Metadata-Version: 2.4
Name: suiteeval
Version: 0.1.2
Summary: Tools for running IR Evaluation Suites
Author-email: Sean MacAvaney <sean.macavaney@glasgow.ac.uk>, Andrew Parry <0andrewparry@gmail.com>
Project-URL: Repository, https://github.com/mrparryparry/suiteeval
Project-URL: Bug Tracker, https://github.com/mrparryparry/suiteeval/issues
Classifier: Programming Language :: Python
Classifier: Operating System :: OS Independent
Classifier: Topic :: Text Processing
Classifier: Topic :: Text Processing :: Indexing
Requires-Python: >=3.10
Description-Content-Type: text/markdown
License-File: LICENSE
Requires-Dist: python-terrier
Dynamic: license-file

# 🍬 SuiteEval

[![Python](https://img.shields.io/badge/python-3.10%2B-blue)](https://www.python.org/)
[![License](https://img.shields.io/badge/license-MIT-green)](./LICENSE)
[![PyTerrier](https://img.shields.io/badge/PyTerrier-Compatible-orange)](https://github.com/terrier-org/pyterrier)

Tools for running **IR evaluation suites** with [PyTerrier](https://github.com/terrier-org/pyterrier).  
SuiteEval helps you define, run, and aggregate evaluations across datasets while managing temporary indices and memory footprint.

## 📘 Overview

**SuiteEval** provides:
- Declaration of **pipelines** (BM25, dense, re-ranking chains).
- Execution of **evaluation suites** (e.g., BEIR-style benchmarks).
- **DatasetContext** utilities for temporary paths and text loading.
- **DataFrame** outputs for downstream analysis.

Workflow:
1) Implement `pipelines(context)` that yields one or more PyTerrier pipelines (optionally named).  
2) Pass it to a suite (e.g., `BEIR`).  
3) Analyse the returned DataFrame.

## 🚀 Getting Started

### Install from PyPI
```bash
pip install suiteeval
```
### Install from source
```bash
git clone https://github.com/<your-username>/suiteeval.git
cd suiteeval
pip install -e .
```

## ⚙️ Defining Pipelines

Write a callable that accepts a `DatasetContext` and **returns or yields** pipelines.

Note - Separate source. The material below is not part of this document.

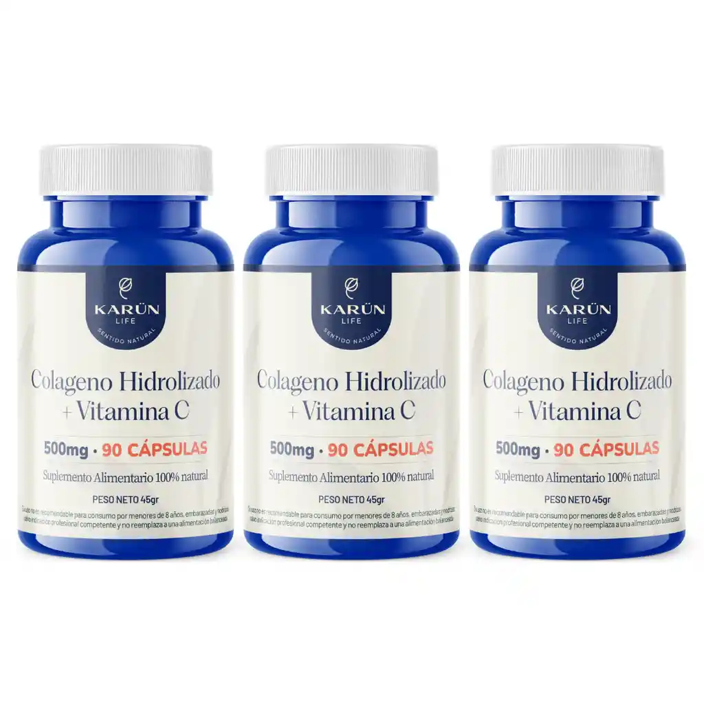 Colágeno Hidrolizado + Vitamina C 90 Cápsulas 500 Mg Cada cápsula de Colágeno Hidrolizado + Vitamina C contiene 400mg de Colágeno y 50mg de Vitamina C. MODO DE USO: 2 Capsulas al dia. El colágeno Hidrolizado es una proteína muy abundante que está presente en todos los órganos y tejidos de nuestro cuerpo. Es esencial para el desarrollo y protección de músculos, tendones, la piel, ligamentos, huesos, córnea, encías, dientes, uñas, etc. La molécula de colágeno está formada por 3 cadenas de aminoácidos con forma de una hélice triple. Este ordenamiento da origen a las fibras de colágeno. La deficiencia de esta proteína se traduce en un envejecimiento prematuro de la piel (pérdida de la tersura, arrugas), pérdida de flexibilidad de los tejidos, dolores articulares y musculares. También un daño severo en cartílagos, especialmente el cartílago articular. La vitamina C es una vitamina hidrosoluble que se caracteriza por su potente acción antioxidante que previene el envejecimiento celular, estimula el sistema inmunológico, previene y disminuye estados gripales y alérgicos. Además tiene función cicatrizante celular, participa también en la formación del colágeno de la piel, tendones y ligamentos. BENEFICIOS: - Ayuda a la elasticidad de la piel reafirmándola y disminuyendo arrugas. - Ayuda a reparar y regenerar los ligamentos, cartílagos, tendones, articulaciones, huesos y la rigidez en las articulaciones. - Aumenta la fabricación de colágeno del cuerpo. Efecto causado por la vitamina C. - Estabiliza el sistema inmunológico mejorando la salud. - Mejora la captación del hierro en nuestro organismo.

- **Return** a list/tuple of pipelines or `(pipeline, name)` pairs; **or**  
- **Yield** pipelines to keep only one large model resident in memory.

`DatasetContext` provides:
- `context.path` — temporary working directory for indices/artifacts.  
- `context.get_corpus_iter()` — iterator suitable for indexing.  
- `context.text_loader()` — attaches document text for re-ranking.

### Example
```python
from suiteeval import BEIR
from pyterrier_pisa import PisaIndex
from pyterrier_dr import ElectraScorer
from pyterrier_t5 import MonoT5ReRanker

def pipelines(context):
    index = PisaIndex(context.path + "/index.pisa")
    index.index(context.get_corpus_iter())

    bm25 = index.bm25()
    yield bm25 >> context.text_loader() >> MonoT5ReRanker(), "BM25 >> monoT5"
    yield bm25 >> context.text_loader() >> ElectraScorer(), "BM25 >> monoELECTRA"

results = BEIR(pipelines)
```

## 🧪 Running Suites

Entry points (e.g., `BEIR`) accept your pipeline factory and return a DataFrame:

```python
results = BEIR(pipelines)  # per-dataset metrics and system names (if provided)
```

## 📦 Reproducibility & Resource Management

- **Temporary indices** live under `context.path` and are cleaned up.  
- Prefer **yielding** pipelines when using large models.  
- Name systems via `(pipeline, "<name>")` for clear result tables and logs.

## 🛠️ Compatibility

Works with modern PyTerrier and common extensions  
(e.g., `pyterrier_pisa`, `pyterrier_dr`, `pyterrier_t5`).  
For older environments, ensure standard PyTerrier transformer interfaces.

## 👥 Authors

- [Andrew Parry](mailto:a.parry.1@research.gla.ac.uk)
- [Sean MacAvaney](mailto:Sean.MacAvaney@glasgow.ac.uk)

## 🧾 Version History

| Version | Date       | Changes        |
|-------:|------------|----------------|
|    0.1 | 2025-11-03 | Initial README |

## License

This project is licensed under the **MIT License** — see the [LICENSE](./LICENSE) file for details.